> Data provided:
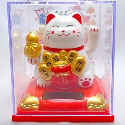 Gato Da Sorte Branco em acrílico com Energia Solar ( Maneki Neko )
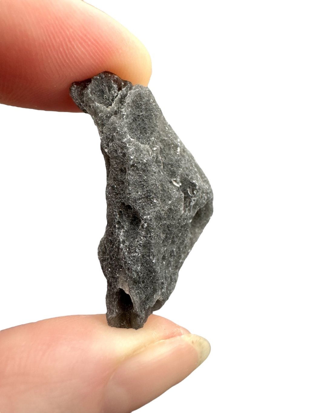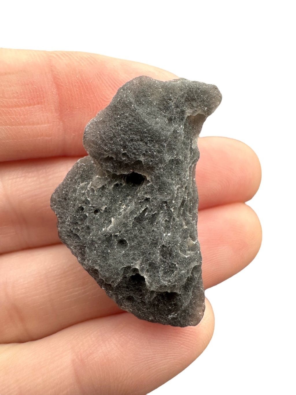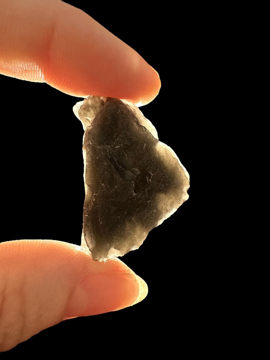 Dieser Stein hat eine dunkle, fast undurchsichtige Farbe, die von grau bis schwarz reicht. Die Oberfläche kann glasig und strukturiert sein, manchmal mit winzigen Bläschen, was typisch für Tektite ist.
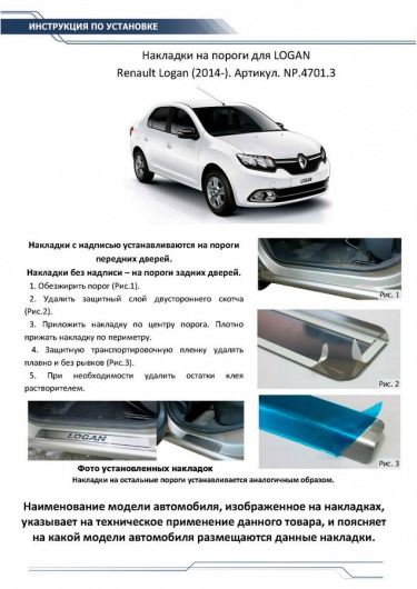 Данные накладки на внутренние пороги «Риваль» разработаны специально для автомобилей Renault Logan от 2014 г.в. и полностью повторяют их геометрию. Кроме того, накладки порогов двери Rival очень легко и быстро устанавливаются. И при этом надежно крепятся за счет плотного прилегания морозостойкого скотча.
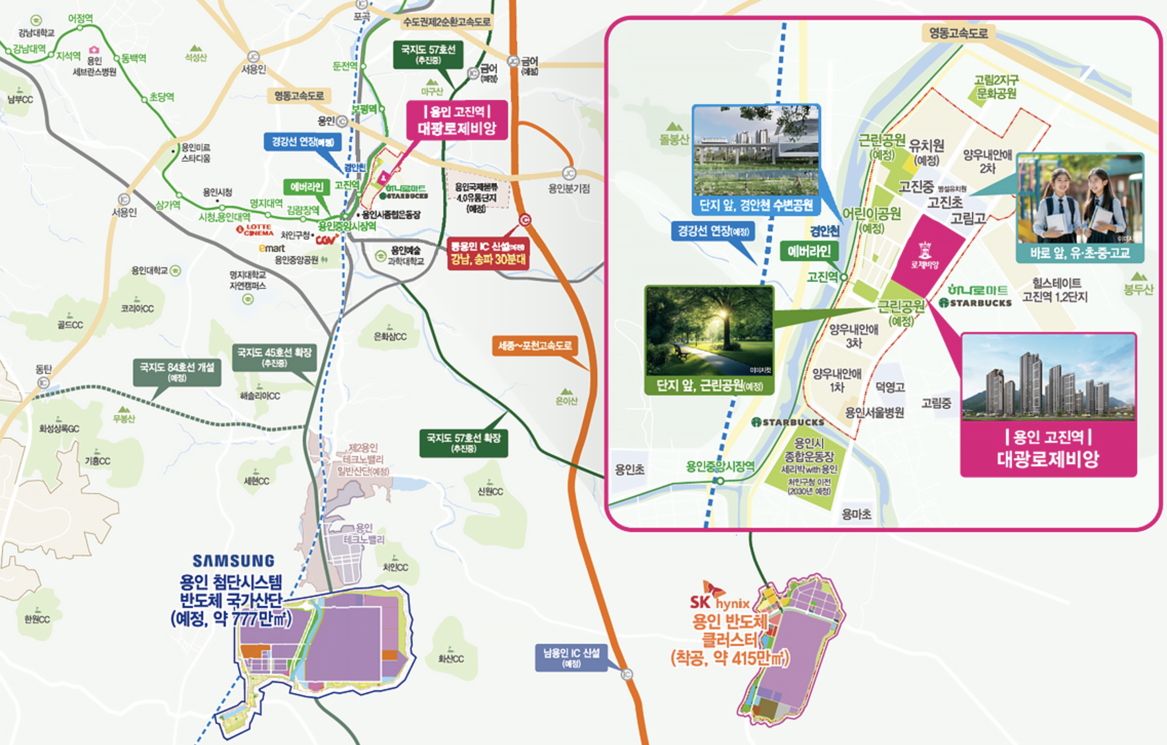 단지 바로 앞 에버라인 고진역이 도보 2분 거리에 있어 지하철 이용이 편리합니다. 경강선 연장 예정 노선에 포함된 용인중앙시장역도 한 정거장 거리에 위치해 향후 광역 교통망 확충의 직접적인 수혜를 누릴 수 있습니다. 차량 이용 시 용인IC를 통한 수도권 제2순환고속도로와 영동고속도로 진입이 수월하며, 서울 강남·송파까지 약 30분대 접근이 가능합니다. 향후 동용인IC 개통으로 세종-포천고속도로와의 연결도 예정돼 있어 교통환경은 더욱 향상될 전망입니다.

> What to work on: Please give every line above again word for word, apart from the pictures.

> Response to the task:
 Gato Da Sorte Branco em acrílico com Energia Solar ( Maneki Neko )
 Dieser Stein hat eine dunkle, fast undurchsichtige Farbe, die von grau bis schwarz reicht. Die Oberfläche kann glasig und strukturiert sein, manchmal mit winzigen Bläschen, was typisch für Tektite ist.
 Данные накладки на внутренние пороги «Риваль» разработаны специально для автомобилей Renault Logan от 2014 г.в. и полностью повторяют их геометрию. Кроме того, накладки порогов двери Rival очень легко и быстро устанавливаются. И при этом надежно крепятся за счет плотного прилегания морозостойкого скотча.
 단지 바로 앞 에버라인 고진역이 도보 2분 거리에 있어 지하철 이용이 편리합니다. 경강선 연장 예정 노선에 포함된 용인중앙시장역도 한 정거장 거리에 위치해 향후 광역 교통망 확충의 직접적인 수혜를 누릴 수 있습니다. 차량 이용 시 용인IC를 통한 수도권 제2순환고속도로와 영동고속도로 진입이 수월하며, 서울 강남·송파까지 약 30분대 접근이 가능합니다. 향후 동용인IC 개통으로 세종-포천고속도로와의 연결도 예정돼 있어 교통환경은 더욱 향상될 전망입니다.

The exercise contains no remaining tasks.